GSK321 is a potent, selective mutant IDH1 inhibitor with IC₅₀ values of 2.9, 3.8, 4.6 and 46 nM for R132G, R132C, R132H and WT IDH1, respectively, and >100-fold selectivity over IDH2. GSK321 induces decrease in intracellular α-Hydroxyglutaric acid (2-HG) (HY-113038B), abrogation of the myeloid differentiation block and induction of granulocytic differentiation at the level of leukemic blasts and more immature stem-like cells. GSK321can be used for research of acute myeloid leukemia (AML) and other cancers^[1]. IC50 & Target:IC50 for mutant IDH1 enzymes: 4.6 nM (R132H), 3.8 nM (R132C), 2.9 nM (R132G)^[1]. In Vitro:GSK321 (0.1-10000 nM; 24 h) inhibits intracellular 2-HG production in HT1080 cells with an EC₅₀ value of 85 nM^[1].

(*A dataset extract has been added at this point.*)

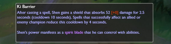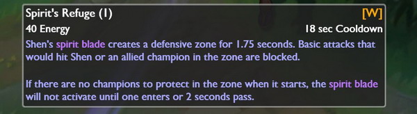 慎的灵剑会制造一个保护性屏障,让慎和附近友军避开所有普攻,持续数秒。当有友方英雄处于区域内时才会触发效果,如果没有友军在区域内,它会一直持续到有人接近或是终止时间为止。

GSK321 (0-5 μM; 48 h; HT1080 fibrosarcoma cells) leads to reduction of histone H3K9 dimethylation (H3K9me2)^[1].
GSK321 (3 μM; 22 d) decreases intracellular 2-HG in a dose-dependent manner (R132G, 0.13-fold; R132C, 0.15-fold; R132H, 0.29-fold)^[1].
GSK321 (3 μM; 15 d) affects proliferation of primary IDH1 mutant AML cells^[1].
GSK321 (3 μM; 9 d) induces differentiation in primary IDH1 mutant AML blasts and immature stem-like cells^[1]. In Vivo:GSK321 (150 mg/kg; i.p.; daily, for 15 d; male CD-1 mice with IDH1 mutant AML xenograft) reduces leukemic blasts in vivo^[1].